**Task instructions:** Your answer should be the exact lines of the data below from the one containing "биографический очерк |" through the one containing "- ※完成予想図やCG合成画"; please include nothing else.

**Source information:**
○ ○ ○

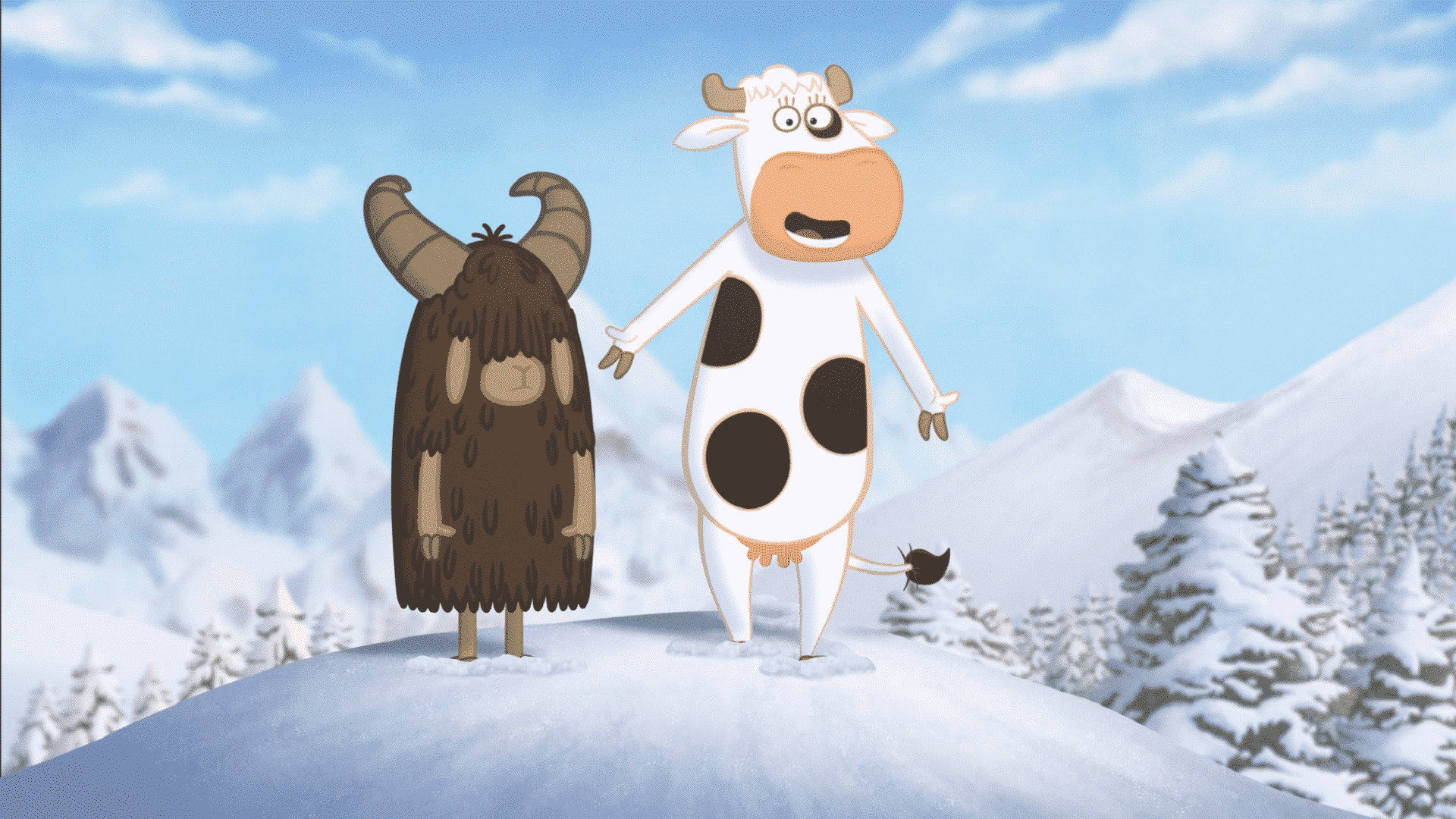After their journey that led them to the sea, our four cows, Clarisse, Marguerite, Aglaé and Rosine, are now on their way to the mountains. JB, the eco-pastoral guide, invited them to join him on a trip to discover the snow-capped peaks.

○ ○ ○

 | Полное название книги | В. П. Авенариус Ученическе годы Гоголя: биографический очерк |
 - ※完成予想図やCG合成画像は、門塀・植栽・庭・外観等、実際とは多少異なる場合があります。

○ ○ ○

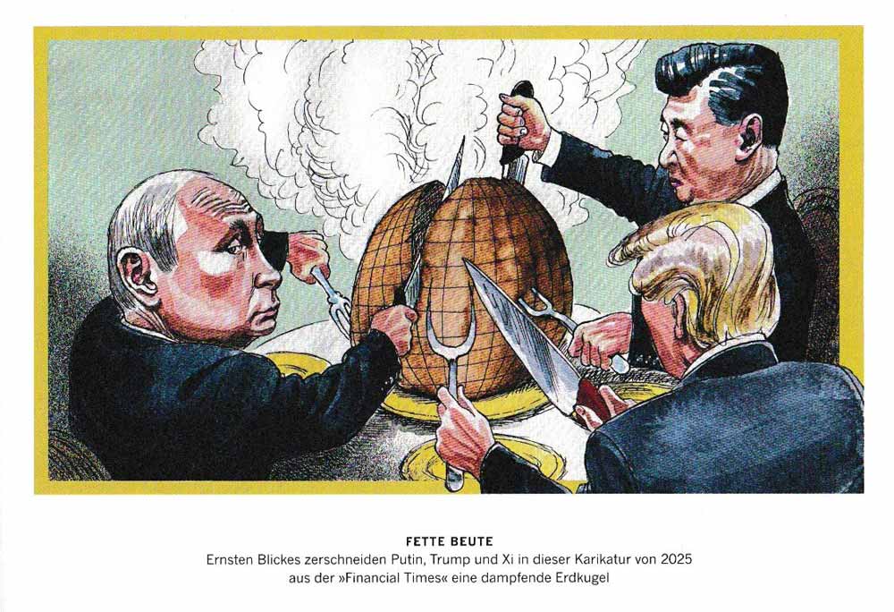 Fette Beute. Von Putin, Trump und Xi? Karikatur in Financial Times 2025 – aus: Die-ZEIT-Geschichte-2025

○ ○ ○

**Task response:**
 | Полное название книги | В. П. Авенариус Ученическе годы Гоголя: биографический очерк |
 - ※完成予想図やCG合成画像は、門塀・植栽・庭・外観等、実際とは多少異なる場合があります。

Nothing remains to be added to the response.